### WHAT YOU WILL DO
What are the lines below, starting at the line containing "3、制作煎饼的过程中,右上角" and ending at the line containing "過剰なまでに詰め込まれた機能"? Write them out exactly, ends included, without pictures.

### EXERCISE MATERIAL

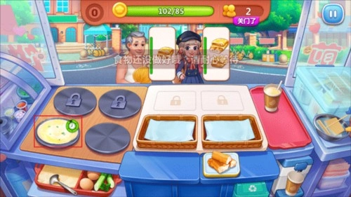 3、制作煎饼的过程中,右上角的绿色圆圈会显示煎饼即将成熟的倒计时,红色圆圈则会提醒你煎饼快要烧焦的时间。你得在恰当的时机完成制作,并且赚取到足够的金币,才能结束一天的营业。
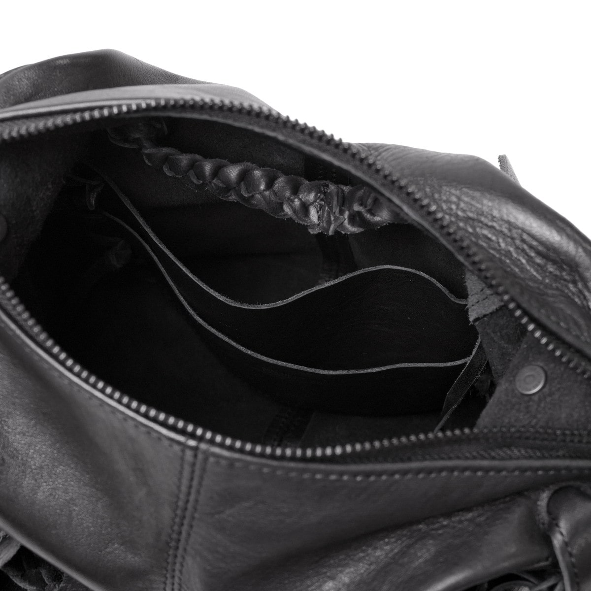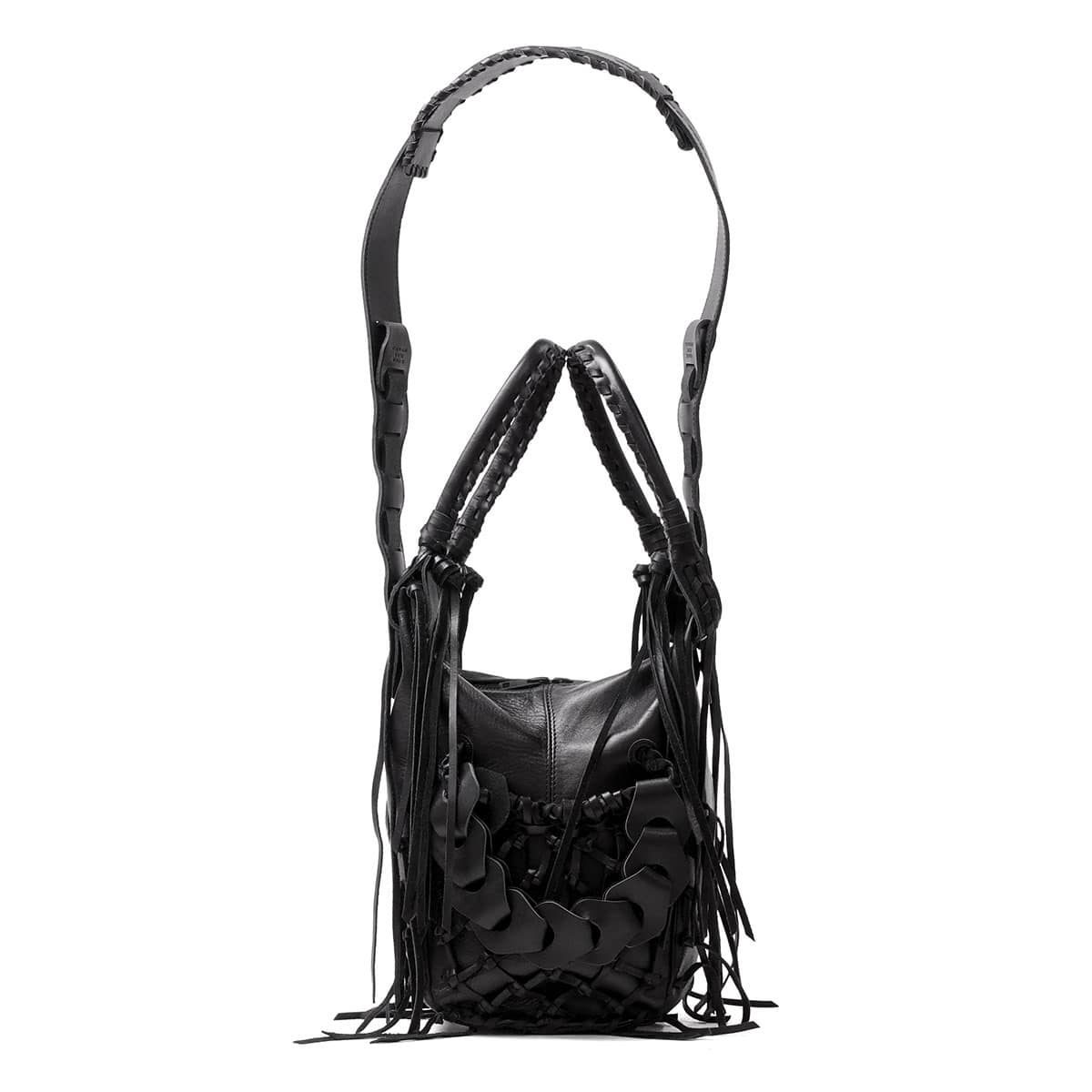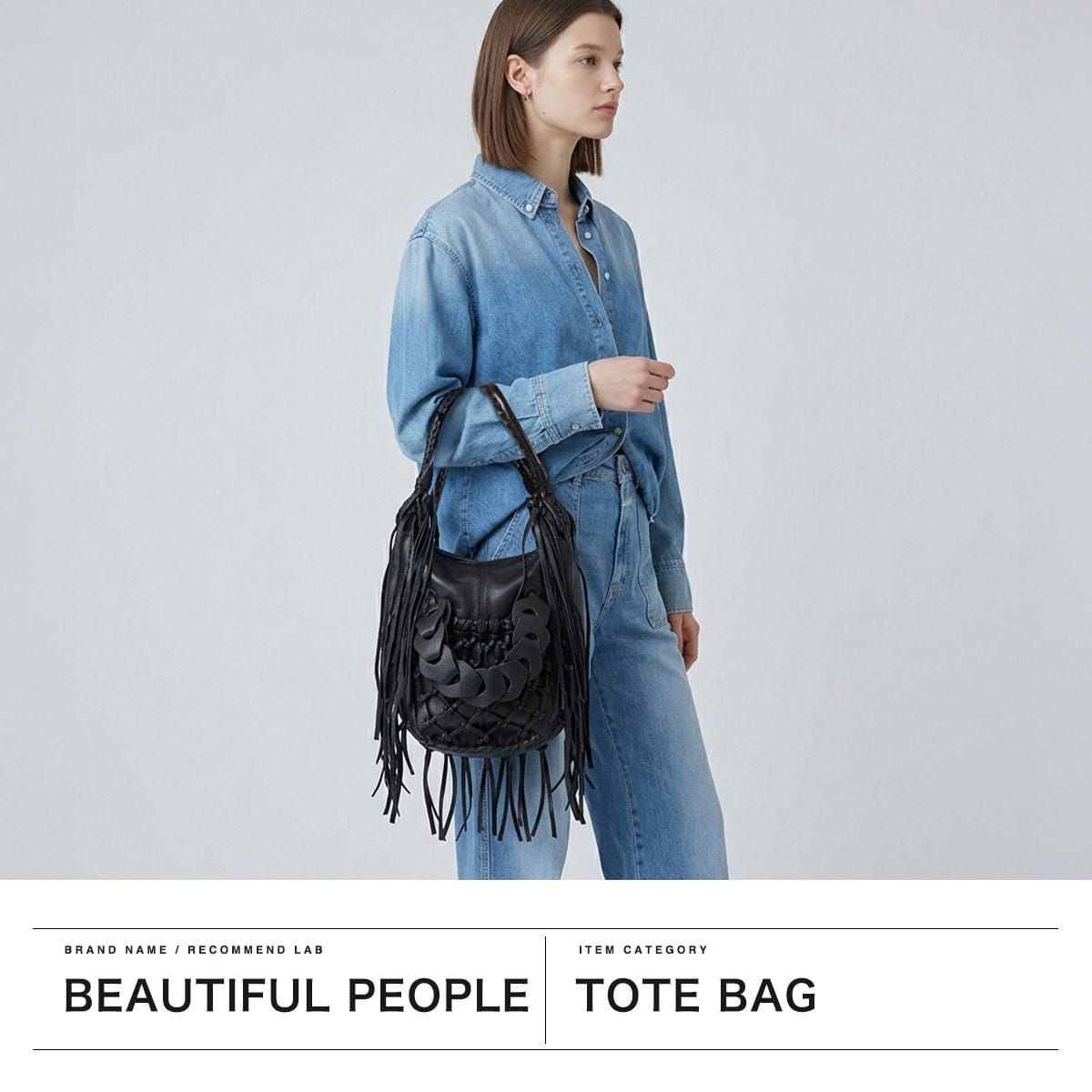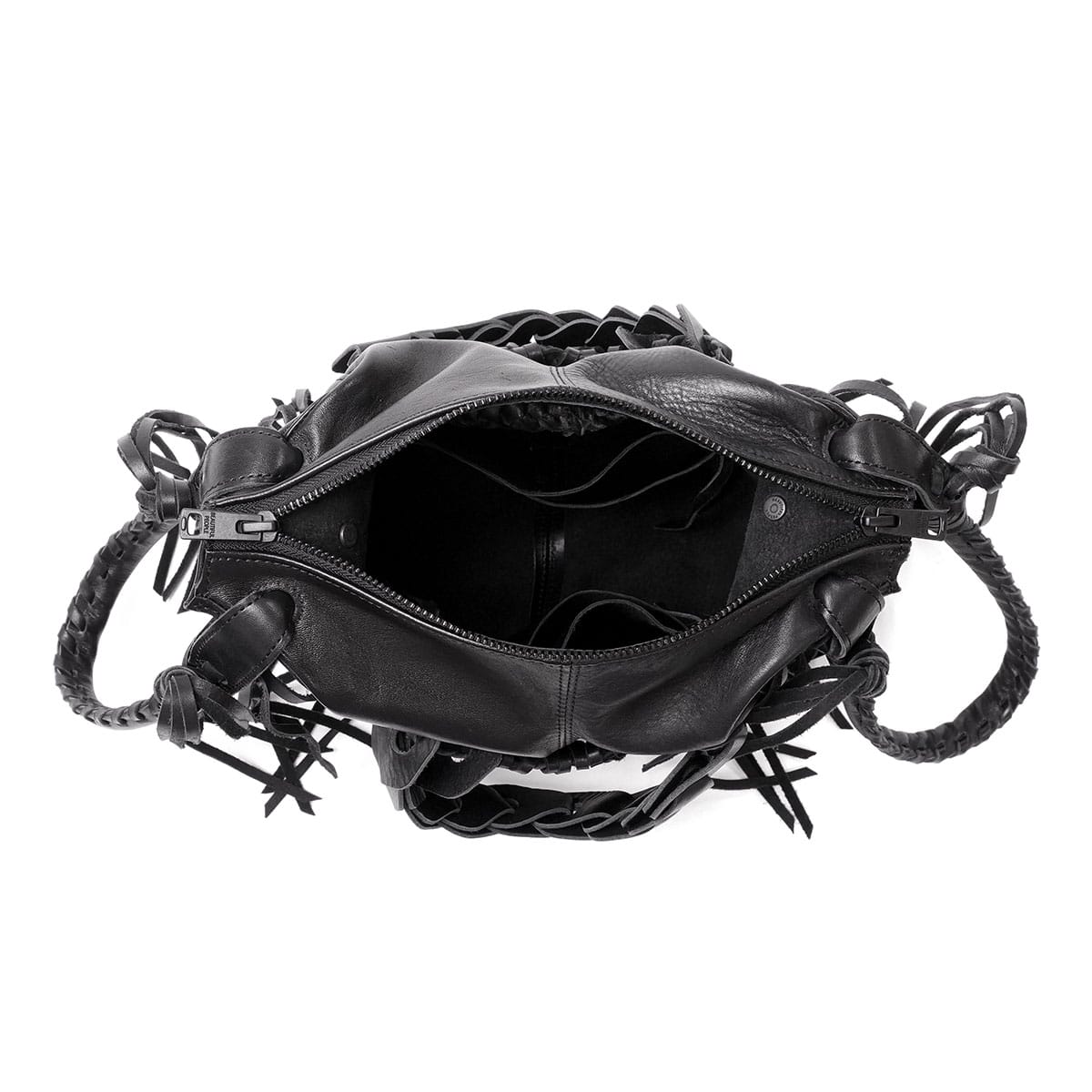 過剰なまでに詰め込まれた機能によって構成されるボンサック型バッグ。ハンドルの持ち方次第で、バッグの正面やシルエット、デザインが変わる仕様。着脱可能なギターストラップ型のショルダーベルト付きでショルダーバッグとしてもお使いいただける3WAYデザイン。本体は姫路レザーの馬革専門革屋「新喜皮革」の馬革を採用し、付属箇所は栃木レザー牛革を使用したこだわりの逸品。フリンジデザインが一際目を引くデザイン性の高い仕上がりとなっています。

---

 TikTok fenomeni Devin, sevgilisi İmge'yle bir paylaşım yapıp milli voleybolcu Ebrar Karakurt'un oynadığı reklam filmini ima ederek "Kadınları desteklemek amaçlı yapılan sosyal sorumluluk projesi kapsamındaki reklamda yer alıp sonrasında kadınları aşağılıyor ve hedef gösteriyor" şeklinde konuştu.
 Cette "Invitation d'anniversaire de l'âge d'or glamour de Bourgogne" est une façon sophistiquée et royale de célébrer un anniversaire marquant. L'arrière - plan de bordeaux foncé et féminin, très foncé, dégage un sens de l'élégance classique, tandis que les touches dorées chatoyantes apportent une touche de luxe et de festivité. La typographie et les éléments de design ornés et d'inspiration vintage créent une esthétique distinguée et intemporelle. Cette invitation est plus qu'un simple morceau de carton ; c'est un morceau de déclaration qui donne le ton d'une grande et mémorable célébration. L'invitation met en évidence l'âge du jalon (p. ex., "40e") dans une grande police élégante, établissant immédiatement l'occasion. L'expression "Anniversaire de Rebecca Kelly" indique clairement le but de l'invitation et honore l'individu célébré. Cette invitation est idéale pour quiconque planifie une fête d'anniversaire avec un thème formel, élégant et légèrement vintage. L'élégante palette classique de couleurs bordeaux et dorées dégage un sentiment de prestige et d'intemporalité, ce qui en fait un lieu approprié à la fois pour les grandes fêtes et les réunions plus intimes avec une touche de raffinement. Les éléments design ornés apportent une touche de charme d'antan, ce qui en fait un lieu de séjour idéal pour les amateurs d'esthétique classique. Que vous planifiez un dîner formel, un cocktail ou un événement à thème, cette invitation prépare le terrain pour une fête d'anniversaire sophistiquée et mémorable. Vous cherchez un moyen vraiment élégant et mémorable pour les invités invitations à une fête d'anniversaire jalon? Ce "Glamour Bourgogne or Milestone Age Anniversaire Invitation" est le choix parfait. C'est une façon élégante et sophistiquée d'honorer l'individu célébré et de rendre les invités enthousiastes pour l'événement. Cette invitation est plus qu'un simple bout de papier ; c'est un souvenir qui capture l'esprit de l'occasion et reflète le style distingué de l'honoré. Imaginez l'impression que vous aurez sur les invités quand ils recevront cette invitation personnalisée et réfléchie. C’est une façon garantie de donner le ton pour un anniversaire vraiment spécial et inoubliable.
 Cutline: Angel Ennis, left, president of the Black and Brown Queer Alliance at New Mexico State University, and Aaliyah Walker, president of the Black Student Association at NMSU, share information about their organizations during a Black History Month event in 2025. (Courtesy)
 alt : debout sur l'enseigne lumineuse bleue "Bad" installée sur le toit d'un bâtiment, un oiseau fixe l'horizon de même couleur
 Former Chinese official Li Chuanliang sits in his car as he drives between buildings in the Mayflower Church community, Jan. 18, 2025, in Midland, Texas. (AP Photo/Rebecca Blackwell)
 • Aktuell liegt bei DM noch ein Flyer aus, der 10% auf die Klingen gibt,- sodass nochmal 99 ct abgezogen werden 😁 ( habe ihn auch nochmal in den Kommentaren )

==

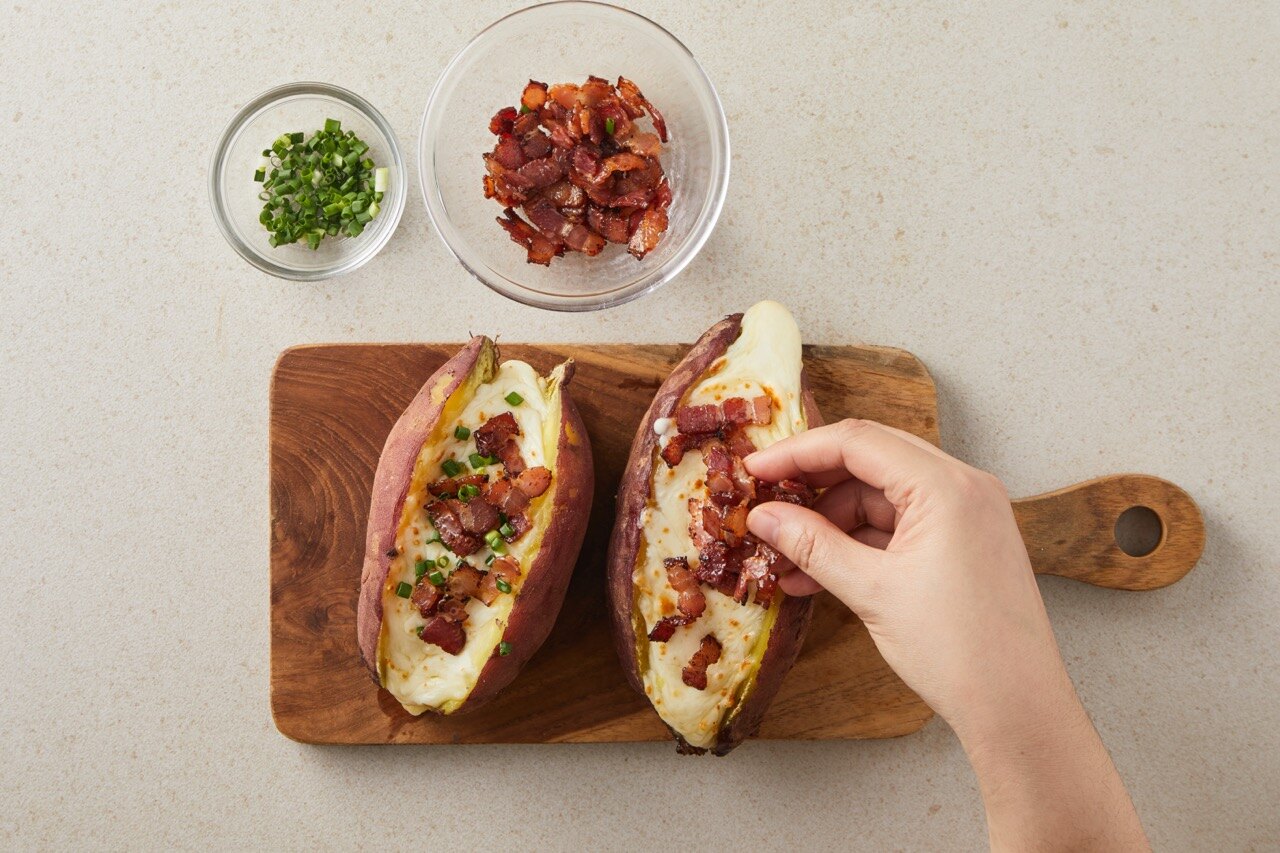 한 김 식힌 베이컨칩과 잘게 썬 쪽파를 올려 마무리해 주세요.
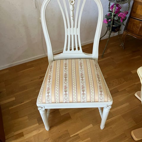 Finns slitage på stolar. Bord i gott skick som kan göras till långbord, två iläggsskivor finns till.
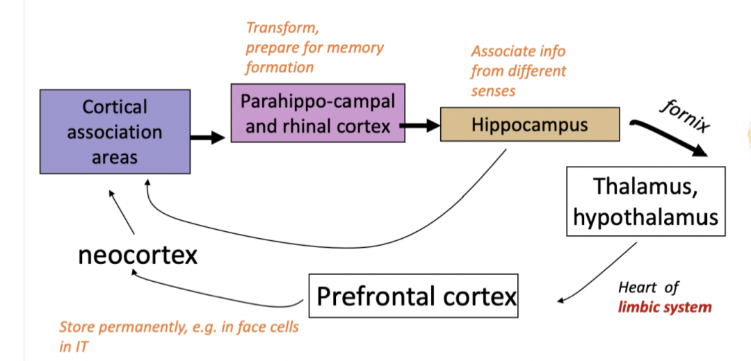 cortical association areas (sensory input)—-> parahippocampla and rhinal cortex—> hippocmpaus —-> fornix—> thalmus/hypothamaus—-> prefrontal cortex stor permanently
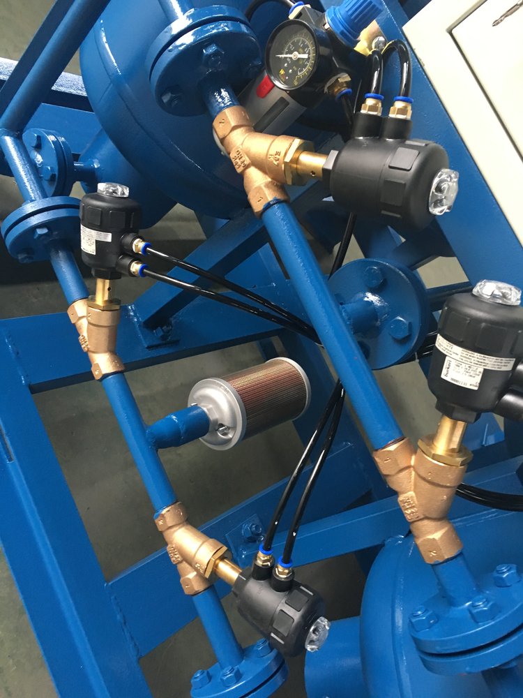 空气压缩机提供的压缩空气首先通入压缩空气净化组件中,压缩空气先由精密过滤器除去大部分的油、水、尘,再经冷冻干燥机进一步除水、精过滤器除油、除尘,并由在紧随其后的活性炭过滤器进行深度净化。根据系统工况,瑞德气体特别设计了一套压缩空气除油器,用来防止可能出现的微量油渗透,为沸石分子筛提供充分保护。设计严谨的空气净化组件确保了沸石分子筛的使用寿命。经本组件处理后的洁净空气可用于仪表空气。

### ANSWER TO THIS TASK
 3、制作煎饼的过程中,右上角的绿色圆圈会显示煎饼即将成熟的倒计时,红色圆圈则会提醒你煎饼快要烧焦的时间。你得在恰当的时机完成制作,并且赚取到足够的金币,才能结束一天的营业。
 過剰なまでに詰め込まれた機能によって構成されるボンサック型バッグ。ハンドルの持ち方次第で、バッグの正面やシルエット、デザインが変わる仕様。着脱可能なギターストラップ型のショルダーベルト付きでショルダーバッグとしてもお使いいただける3WAYデザイン。本体は姫路レザーの馬革専門革屋「新喜皮革」の馬革を採用し、付属箇所は栃木レザー牛革を使用したこだわりの逸品。フリンジデザインが一際目を引くデザイン性の高い仕上がりとなっています。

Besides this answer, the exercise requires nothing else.